There will be plenty of competition at this month’s Los Angeles Auto Show, most of it a subtle battle between upcoming production cars. But this year’s L.A. Auto Show Design Challenge will feature a competition of outlandishly designed movie cars.
The L.A. Auto Show Design Challenge has run for the past eight years, and brings together entries from major design houses and global brands, who compete against each other to dazzle twelve design studio executives and walk away with a year’s worth of bragging rights.
This year’s theme calls for designers to craft Hollywood’s hottest movie car of the future. Each entry includes a fully designed concept, along with a movie plot and/or character to accompany it. The entire package of vehicle and contextual story will be evaluated by a panel of judges for the level of imagination and innovation.

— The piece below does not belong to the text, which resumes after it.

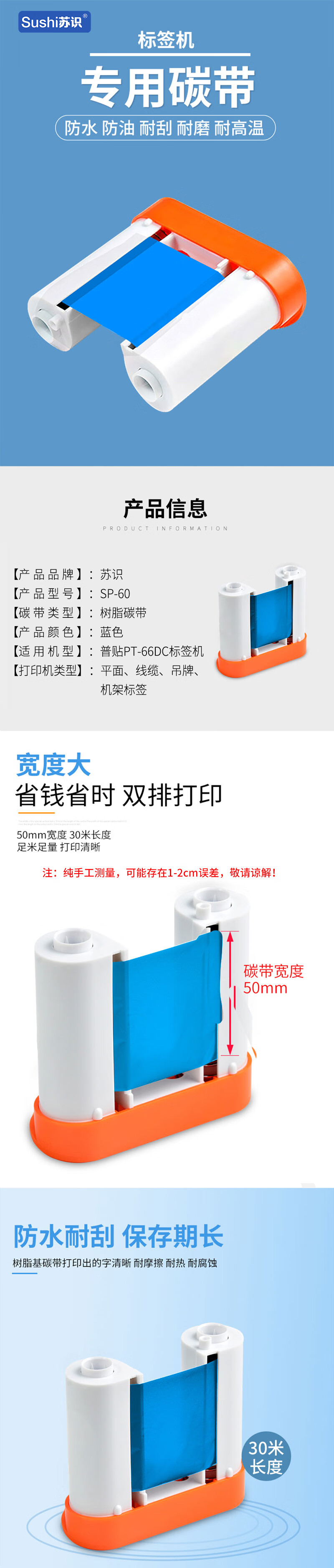 苏识 SP-60色带-蓝色 标签机碳带 手持条码标签打印机色带 1.00 个/卷 (计价单位:卷) 蓝色 蓝色

Honda proposes a movie centered on a future hinged on rebuilding our worlds after a massive drought – or, as we see it, an inverted Waterworld. The Honda IH — for Intelligent Horse — and features futuristic technology like artificial intelligence. It’s also easy to make locally, which is key in a world where global automotive manufacturing isn’t up to its present speed.
But what if the world were to suddenly stop revolving? Call Subaru: it created the Horizon concept car, which is designed to withstand strong electromagnetic fields and scorching heat, and seats four. Subaru’s Horizon is designed for a movie world in which the world has stopped turning, and half of the world–nicknamed the Daysphere–is being baked by non-stop sunlight, while the other half of the world is living in darkness and must produce its own energy. The Horizon has space for a driver, a navigator, a mechanic, and “Pleiades the magical cat,” all of whom must venture to the Daysphere to get a precious energy-generating material.
Mercedes-Benz’s design team entered three designs in the Challenge. The Maybach name was affixed to the lavish Berline concept, an autonomous carriage that blends the opulence of an old-fashioned horse-drawn coach with modern electric and fuel-cell propulsion. It’s was allegedly created for Cindy, the protagonist of Maybach’s movie, whose father lends her the Berline one evening for her to go on a magnificent adventure — all of which is presided over by a virtual chauffeur.
Mercedes’ Smart brand was thinking a bit more mischievous when it designed the Smart 341 Parkour. The Parkour is more than a car, because its wheels can retract and it features vacuum cups to climb the sides of buildings–hence the name Parkour. It has a 360-degree swiveling seat with complete 360-degree visibility, and might even be able to hover or fly. Designers say it was designed for movie reporter Annie Angle, who uses the Parkour to investigate her first big story working for a big city newspaper.
But the most classic concept is the Mercedes-Benz Silver Arrow, which was described as “a low-slung sculpture on wheels” and is supposedly designed to look like a late 1930’s W125 racecar. It sits on four hoop-like wheels, each apparently independently powered. The car is the hero car for a movie in which two crash test dummies, Hans05 and Franz02, break out of the clutches of crash testing and fight Dr. Crash-Barrier, an evil villain who reigns over his domain with “terror and mayhem.” We think that with wraparound-taillamps and a super-sleek design, the Silver Arrow might be the best way to outrun evil.
In the meantime, Hyundai imagines a future where cars can fight communism–yes, communism–with its Stratus Sprinter multi-purpose vehicle. The car is driven by Countess Elena, who uses the car’s off-road prowess and go-anywhere capability to put herself in dangerous situations and “protect freedom and justice.” The car can disappear in daylight and reappears after dark, which is good, because Countess Elena only travels by night.
The winner of Design LA’s challenge should be known by the end of the L.A. Auto Show.